Otherwise, the primary reason for super-sized clarity is to feel like you are right there on the football field. That, and to be able to watch the opening scene from “Gladiator” like a real man—surround sound making the bloody combat all the more satisfying for the barcalounger-battler. If it isn’t chariots and horse hooves pounding so that I can hardly hear my daughter talking on the phone, it’s “Last of the Mohicans”; plenty of warfare there.
Before I mock my mate’s taste in viewing, however, I must confess that I do like being able to call Andy Murray’s tennis serve like a referee (tennis is such a dignified sport), while sitting across the room at the breakfast table without my glasses. OUT! As well, I can think of worse things to invade my peaceful home than scantily clad Daniel Day Lewis lunging through the brush past arrow-slaked bodies to rescue yon fair maiden.
Telephone conversation is not the only way I communicate with my daughter; Skype is our favorite venue with which to visit. Whenever it’s time (which is as frequently as we can pull it off) to chat with Kate on the computer screen, I discreetly slip into the office my husband and I otherwise share so that he can ogle up-close-and-personal athleticism or assault (they are often the same thing) in blaring peace. Not to mention so that behind closed doors I can actually hear something other than an announcer, blood curdling screams, or the clash of armor.

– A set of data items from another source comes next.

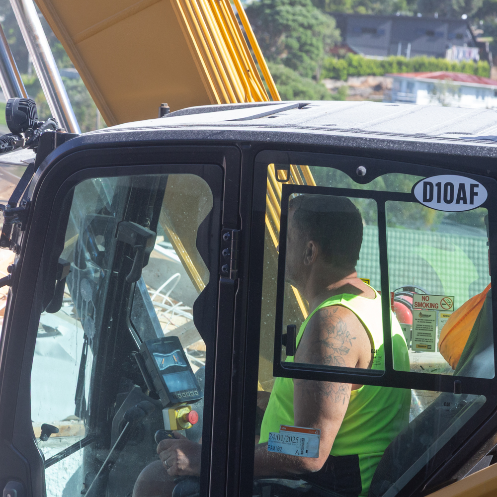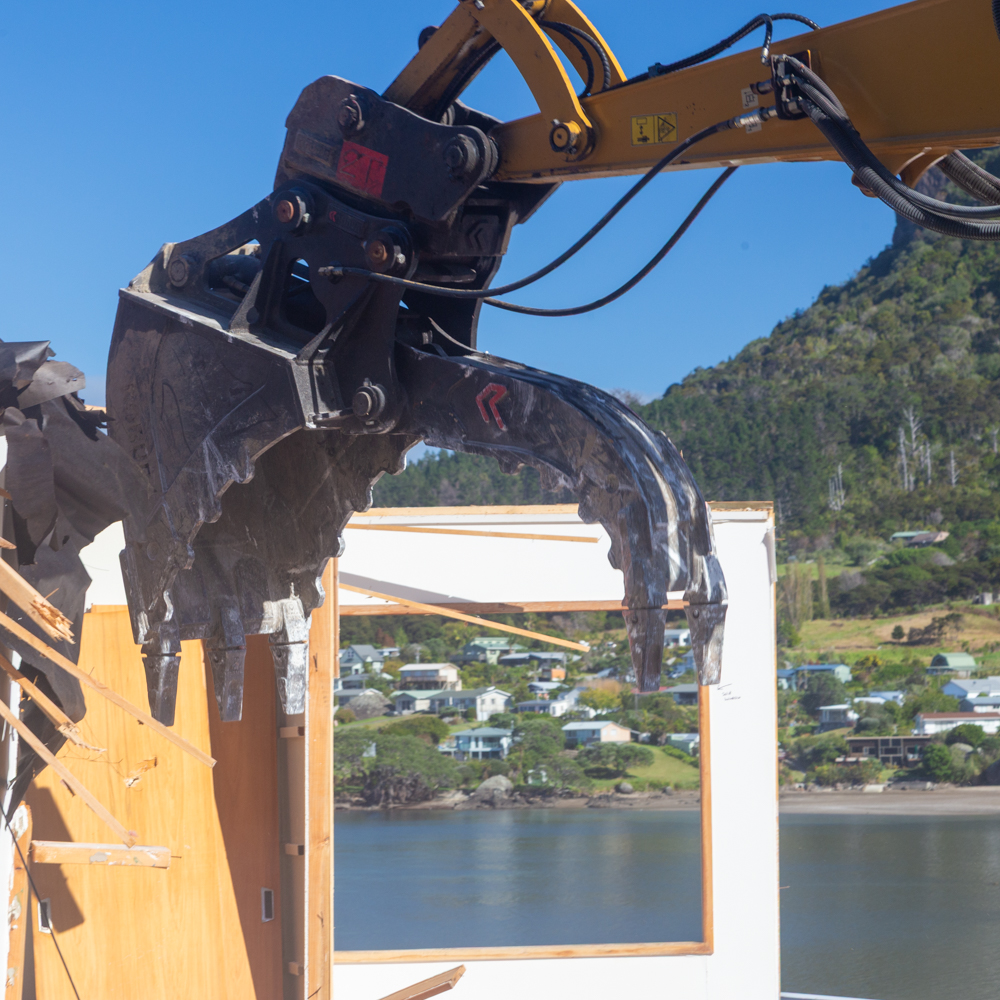 One man with a digger took a day to flatten the house and then another four days to clear the site. Nigel was onsite to persuade the digger operator to carefully pull out the few big rafters that he had been unable to remove on his own. Concrete was carefully separated for recycling and much of the copper wiring and pipe work was pulled out of the wreckage. But the vast majority simply went into landfill.
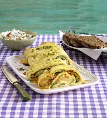 Take the omelette out of the oven and let it cool down a little. Cover with crème fraîche, rocket, zucchini and half the cheese. Roll the omelette tightly from the long side and sprinkle with the rest of the cheese. Place on a baking tray lined with baking paper and bake in a hot oven for about 20 minutes. Arrange the finished roulade while still warm. Sprinkle with the remaining parsley. Serve with bread and a herb curd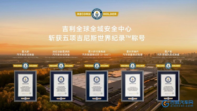 古城汽车网讯 2025年12月12日,吉利全球全域安全中心正式发布,并一举创下“全球最大的汽车安全试验室”、“全球最长的室内汽车碰撞测试跑道”、“全球最大的汽车环境风洞试验室”、“全球最大的任意角度汽车碰撞测试区(0-180°)”、“全球测试功能最多的汽车安全试验室”五大吉尼斯世界纪录。

Kate lives in a suburb of Philadelphia. She is expecting her first child soon, and ever since she announced she was pregnant, we’ve been scheming about Skype being the best way for me to see my first grandchild on a daily basis. We’ve already done this once, and very successfully I might add, in order to see my husband’s son’s newborn daughter, his first grandchild, and my step-grand. He groans and rolls his eyes, just a more exaggerated version of the usual, to think I will be online with Kate even more than I already am. All I can manage to wail in my defense amid a lachrymal flood and such guttural sobbing sounds that I can barely open my aching throat to get it out is, “The babies are so far away!” Really, really mature. I’m obviously doing just fine with the distance.
A friend pointed out to me that the television we have can access the computer, and she can’t help but wonder why my husband, the greatest guru of technology gadgets, hasn’t pointed this out.

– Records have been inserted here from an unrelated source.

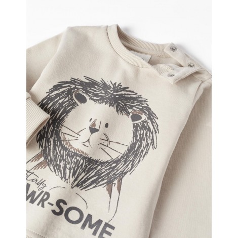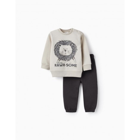 Tuta da neonato, realizzata in misto cotone. Interno in cotone felpato per il comfort termico. Include una felpa beige con stampa frontale, bottoni automatici sulla spalla per indossarla facilmente e polsini a coste per una migliore vestibilità e comfort. Pantaloni grigio scuro con vita elastica e regolabile con coulisse a contrasto. Polsini elasticizzati per una migliore vestibilità. We Care: Articolo certificato Oeko-Tex Standard 100, che garantisce l'assenza di sostanze nocive o irritanti per la pelle. Un set pratico e confortevole, ideale da indossare tutti i giorni.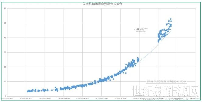此外,协合运维也在开展发电机轴承寿命预测模型的研究,基于12个场站304台风电机组长期振动数据,拟合各个场站轴承的寿命预测曲线,致力于在轴承运行的中后期预测其使用寿命,为风电预测性维护提供有力支撑,在电价不确定的电力市场中,也能为轴承更换时机提供关键决策依据。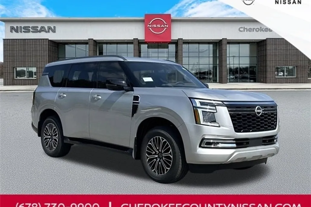 Brilliant Silver Metallic 2025 Nissan Armada SL 4WD 9-Speed Automatic 3.5L DOHC. We are one of the leading Nissan dealers for selling the new 2025 Nissan Armada Holly Springs. Our customers come to our Nissan dealership showroom located in Holly Springs, Canton, Kennesaw, and Marietta, GA. Holly Springs, GA customers like our great pricing. Canton, customers appreciate our fantastic service. Holly Springs, GA customers know they will have a great shopping experience. Kennesaw, GA customers love our friendly employees. Marietta, GA customers know that we are one of the leading Nissan dealerships in the Holly Springs, GA area and serve the Holly Springs market. Whether you are from Holly Springs, Canton, Kennesaw, and Marietta, GA, we hope you will give us a chance to show why Cherokee County Nissan Nissan of Holly Springs, Georgia is the one of the best Nissan dealers selling and servicing 2025 Nissan Armada 4D Sport Utility SL in the Holly Springs, area.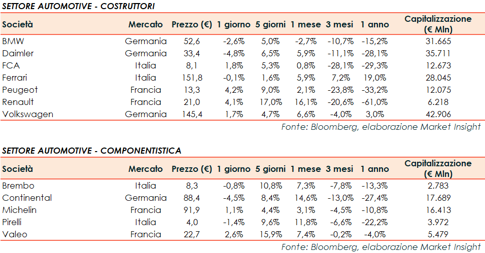 Si riporta l’andamento odierno dei principali titoli internazionali del settore Automotive:

“He’s afraid there will be life-size diaper changes on the big screen!” she surmised.
Ah-ha! I hadn’t considered that. No wonder he hasn’t accessed that feature. As well, I wonder if every feeding and changing and burping and drooling could be viewed in 3-D (This new Sony boasts of 3-D capability, although my grandchild would grow up seeing me in those goofy glasses)! I’ll have to read the directions and as adverse as I am to computer machinations, figure out how to bring Babies to the big screen.
3D daycare…in Big Skype Country.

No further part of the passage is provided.